Так оно осталось и по сей день. Иногда Бережной злился, но чаще испытывал приятную ностальгию: они с Игорем играют в эту игру всю жизнь, и им это нравится, потому что лишь так можно снова ощутить себя тем, кем был когда-то – просто мальчишкой из коммуналки. И словно живы еще родители, и будто нет за спиной непросто прожитой жизни, и можно побыть самим собой.
Именно ощущение общности прошлого, наверное, и держало их вместе. Хотя это «вместе» было относительным – они могли неделями не созваниваться и месяцами не видеться, а потом вдруг раздавался звонок и знакомый голос произносил: «Ты не охренел, братец? Куда пропал?»
Они вместе хоронили родителей – сначала по очереди ушли отцы, потом так же по очереди матери. И это сблизило их еще сильнее, сделало их отношения почти родственными, и хотя ни один из них не готов был назвать другого лучшим другом, но родственники не всегда друзья, что ж.
А потому, когда пришло время крестить Аленку, кандидатура на роль крестного отца даже не обсуждалась. Все было понятно сразу.
– Беспокоить Игоря из-за какой-то безделицы…
– Андрей, никакая это не безделица! – Диана рассердилась. – Затевается что-то серьезное! И эти ролики формируют общественное мнение. Причем среди тех, кто практически не смотрит телевизор, считая себя современными продвинутыми людьми. Нынешнее телевидение деградировало, телевизор смотрят только сборщики мусора и военные пенсионеры.
– Почему ты приравняла сборщиков мусора к военным пенсионерам? – удивился генерал.
– Потому что эти две категории граждан – самые главные потребители теледерьма. Первые в силу неразвитости мыслительного аппарата, вторые в силу ограниченности мыслительного коридора: как привыкли когда-то, что «круглое катим, квадратное несем, программа «Время» – наше все», так и не могут перестроиться.
– Это шовинизм и дискриминация, – Бережной хмыкнул. – Но насчет канала ты права, Наверное, надо поговорить с Игорем.
Для себя он все уже решил. Конечно, вот так с ходу он к Игорю не пойдет, но тем интереснее будет их будущий разговор.
* * *
Анна Лепехина ликовала. Такого успеха она не ожидала. С самого утра народ валит в магазин, в новый отдел посуды и аксессуаров для кухни уже дважды пришлось заказывать товар со склада, отдел сувениров пустеет с пугающей быстротой, а на рампах идет погрузка товара, предназначенного для доставки покупателям. Продавцы в оранжевых майках снуют между покупателями со скоростью пресловутых белок в колесе. В игровой комнате, сменяя друг друга, развлекают детвору специально нанятые для этого дня аниматоры, а заказанная партия милых пауков тает на глазах. По счастью, к вечеру детишек стало поменьше.
– Как сегодня касса?
Старший кассир сделала неопределенный жест рукой, но вид у нее довольный.
– Похоже, мы сорвали джекпот.
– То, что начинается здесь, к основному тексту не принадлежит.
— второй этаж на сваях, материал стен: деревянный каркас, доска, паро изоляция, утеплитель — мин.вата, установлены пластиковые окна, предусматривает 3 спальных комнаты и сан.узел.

Развозка до сих пор идет, и доставка расписана на два дня вперед.
– Отлично.
Прежний директор при виде Анны морщился как от зубной боли. Впрочем, дело было не в ней самой, а в юношеской психологической травме начальника. Как-то он проговорился, что Анна напоминает ему назойливую школьную активистку, которая вечно бросалась устраивать разного рода увеселения, доставляющие удовольствие только ей и учителям.
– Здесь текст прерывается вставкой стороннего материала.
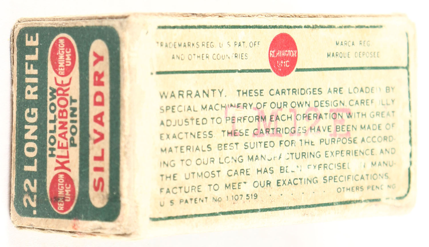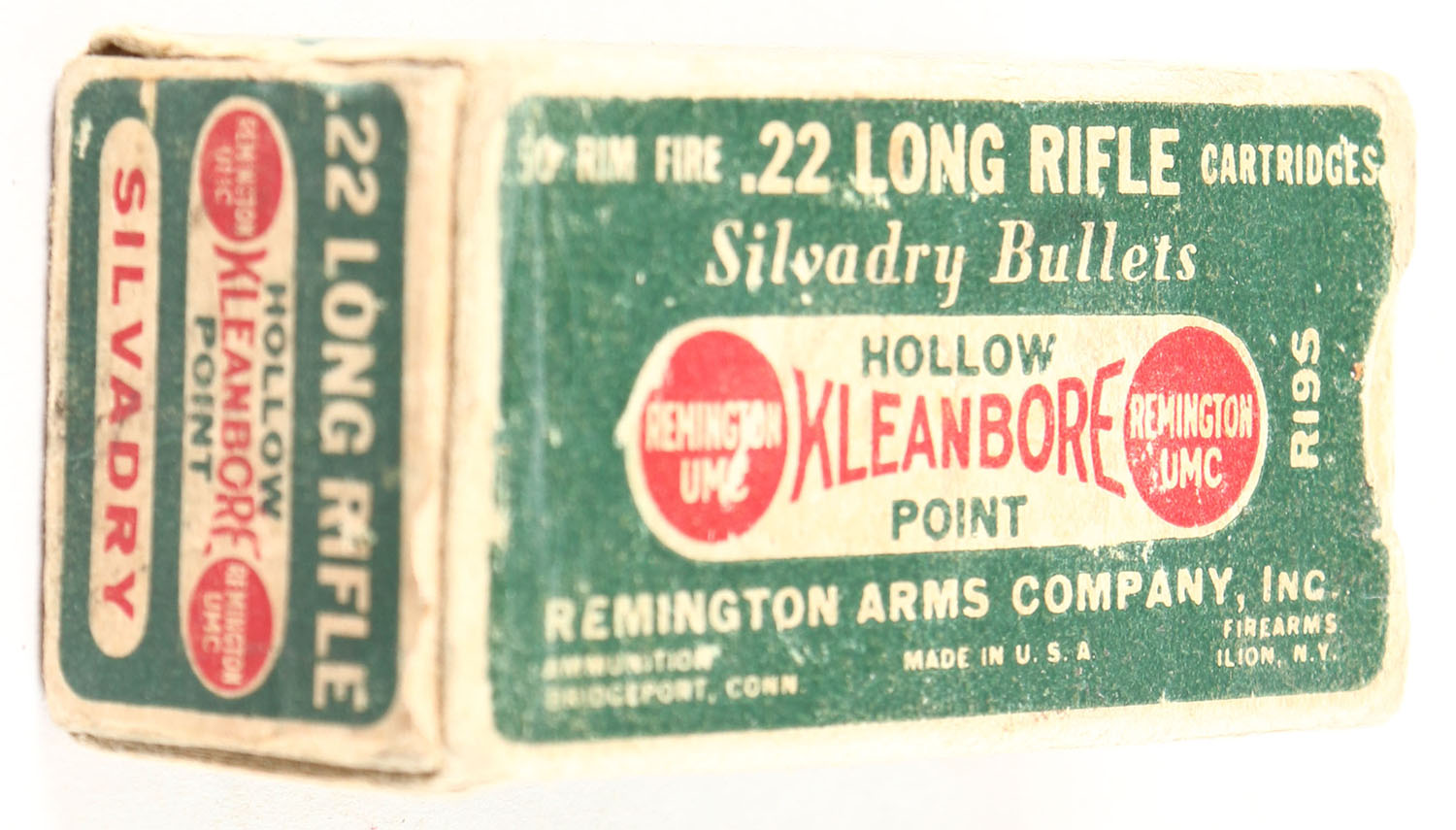 Remington, Kleanbore Silvadry Bullets, .22 Long Rifle Hollow Point, RHWeb: REM-7.3 LR-2, Full, 1pc. Green buff & red dog bone box, box is solid with excellent color, some shelf wear, corner wear, minor edge wear, end flaps are solid, ammo is very good. Grade: Very Good + - Value: 30 to 120

Но потом директор уволился без объяснения причин. Две недели его кабинет пустовал, а обязанности выполняла сама Анна. Как раз тогда она поняла, что это вообще не ее – руководить кем-то, кроме сотрудников своего подразделения, думать о тысяче вещей одновременно, казнить и миловать. И потому, когда им представили нового директора, Анна откровенно обрадовалась. К большому удивлению многих. Сотрудники шептались, что вот, дескать, Анька уже и кресло себе присмотрела, а не вышло, но Анна-то знала, что ни за какие коврижки не заняла бы это кресло.
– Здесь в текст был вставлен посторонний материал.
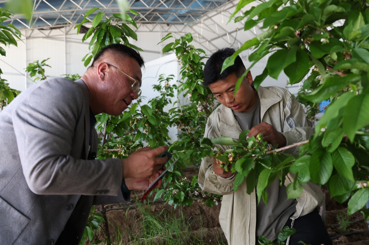 牛堯琪(左)在新建2號櫻桃棚記錄櫻桃結果轉色情況

Она была из тех редких людей, которые находят удовольствие в своей работе.
Новый директор ей понравился. Молод, хорош собой, знает свое дело – все его действия, продуманные и последовательные, свидетельствовали о высоком профессиональном уровне.
К тому же, когда Анна впервые сунулась к нему с одной из своих идей, он отнесся к ней внимательно, попросил расчеты и обещал подумать, а на следующий день она получила свои расчеты обратно, с аккуратными пометками на полях и с одобрением инициативы в целом.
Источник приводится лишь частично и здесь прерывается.